Já no caso desse outro exemplo abaixo temos o mesmo verbo se enquadrando na
categoria do epistêmico. Vejamos como se processa:
Ex.“O tempo deve melhorar amanhã.”
O verbo segundo Koch (1999) revela a atitude de conhecimento do locutor, sua
manifestação de crença em relação ao conteúdo veiculado.

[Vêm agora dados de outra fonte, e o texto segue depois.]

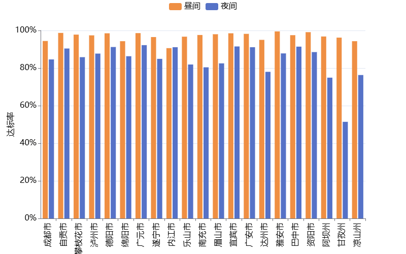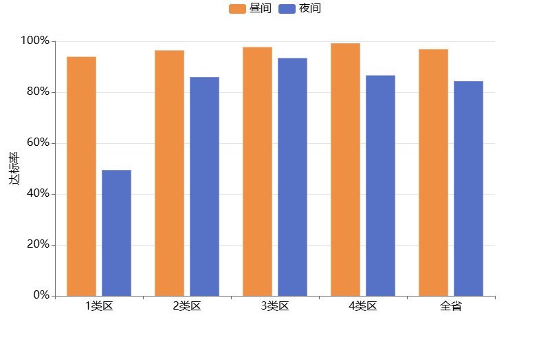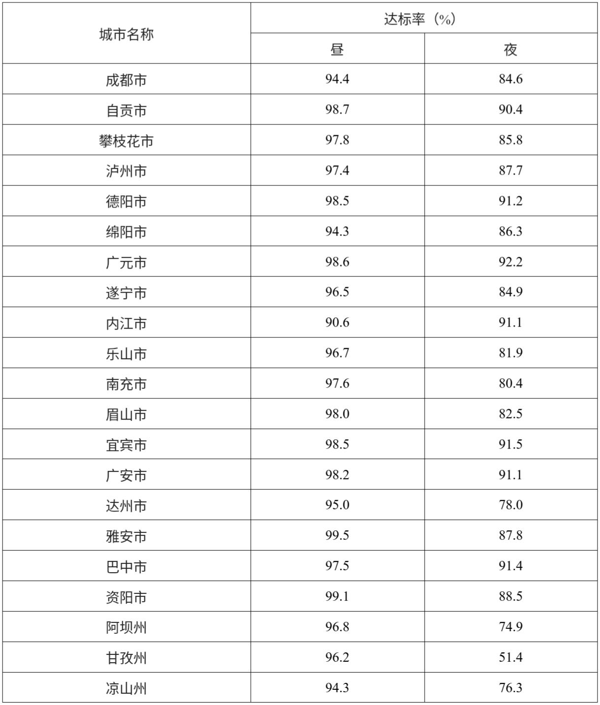 2025年5月四川省功能区声环境质量昼间达标率为96.9%,夜间达标率为84.3%,详见表1-1、图1-1。

Como podemos perceber, os juristas valorizam muito o emprego dos termos
ligados às normas, pois nos dois fragmentos retirados da sentença 02 tivemos o uso
desse modalizador no sentido de conduta ou norma. Como eles não querem deixar
marcas de dúvidas ou se utilizar de “achismos” eles preferem fazer uso de expressões
que leve o auditório a confiar naqueles relatos, tal qual como se processa nos dois
exemplos retirados da sentença em tela. Já o exemplo em que o verbo dever que se
enquadra na categoria do epistêmico não é tirado de nenhuma sentença jurídica e sim
em Koch (2000) ao explicar as diferentes modalidades em que um verbo pode se inserir.
Outro modalizador interessante é o verbo poder que também pode se enquadrar
em diferentes modalidades. Vejamos as possibilidades nos exemplos abaixo:
Ex.1: Os candidatos podem apresentar-se em traje esportivo (= é facultativo).

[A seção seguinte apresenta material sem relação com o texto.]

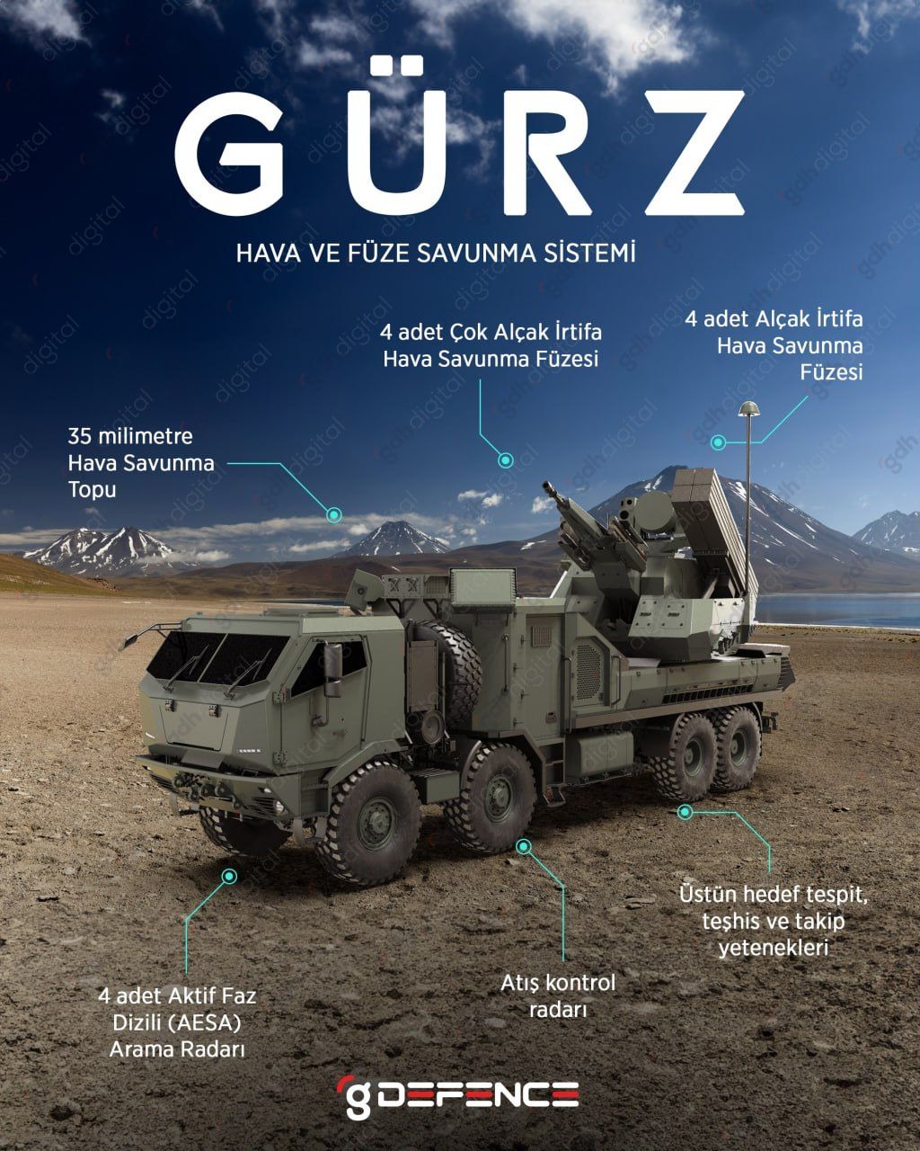GÜRZ, çok alçak ve alçak irtifalı hava tehditlerine karşı geliştirilmiş, tam otonom yapısıyla dikkat çeken bir sistem.

Ex.2: Os preços podem cair nos próximos meses (= é possível).
O exemplo 3 e 4 que colocaremos a seguir foram retirados da sentença 03 (mora
do segurado).
Ex.3:
Fragmento 1: “Não se podem afastar as considerações ali lançadas...”
Ex.4:
Fragmento 2: “Conforme se pode constatar pelos documentos de fls. 51 dos
autos.”
Nos dois primeiros exemplos temos a utilização do verbo poder em dois tipos de
modalidades diferentes, o primeiro com sentido facultativo e também fazendo parte da
categoria do deôntico, por tratar de uma conduta ou norma que diz ser facultativo
“apresentar-se em traje esportivo”; e o segundo com sentido de possibilidade
circunstancial, ou seja, que é provável que caia, porém não se sabe ao certo se irá
acontecer. E por se tratar de manifestação de crença em relação ao conteúdo veiculado
esse verbo se enquadra na categoria do epistêmico.

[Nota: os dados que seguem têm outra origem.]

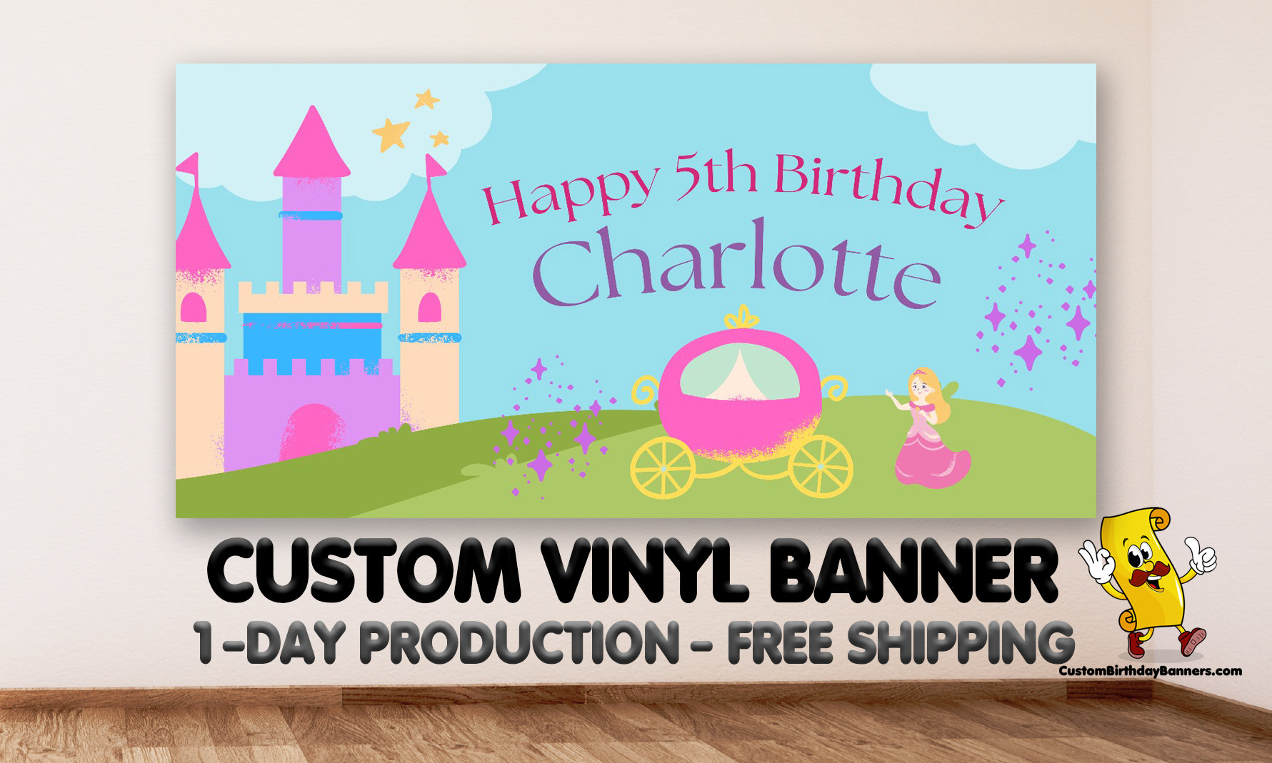 Celebrate your little princess with this vibrant full color Princess Castle Birthday Theme personalized birthday banner backdrop! Offered in a variety of sizes, this banner will surely be the centerpiece of your celebration!

Nos dois exemplos retirados da sentença 03 temos o primeiro verbo denotando
orientação por conduta ou norma, pois informa que não se pode fazer algo, ou seja, que
é proibido; e o segundo com um sentido que pode confundir bastante, pois é bem
parecido com o exemplo 2 (Os preços podem cair nos próximos meses). Porém, se nos
esforçarmos em analisar o que cada frase consegue passar chegaremos à conclusão de
que há uma diferença bem sutil entre essas duas modalidades de emprego do verbo
poder. Vejamos na explicação abaixo:
Quando se diz “Conforme se pode constatar pelos documentos de fls. 51 dos
autos” há a intenção comunicativa de dizer que se os autos foram consultados no local
especificado é certo que será constatado como o falante garante. Porém quando na frase
“Os preços podem cair nos próximos meses” o falante emprega o verbo poder, ele
transmite uma idéia de incerteza, pois não é certo que os preços venham a cair, é só a
opinião do locutor.
CONSIDERAÇÕES FINAIS
Concluímos, com isso, que o uso dos modalizadores no discurso jurídico
contribui de maneira significativa para levar o auditório ao convencimento e para evitar
que o falante possa perder a confiança e aceitabilidade do auditório no que diz respeito
aos fatos relatados na decisão sentencial, pois qualquer sinal de dúvida razoável,
mínima que seja, implica possibilidade de que os fatos narrados nessa decisão venham a
ser refutados devido a alguma inconsistência argumentativa ou até mesmo contradição
nos argumentos propostos pelo jurista.
REFERÊNCIAS
HENRIQUES, Antônio. Argumentação e discurso jurídico. São Paulo: Atlas, 2008.
KOCH, I. G. V. A inter-ação pela linguagem. São Paulo: Contexto, 2000.
KOCH, I. G. V. Argumentação e linguagem. São Paulo: Cortez, 1999.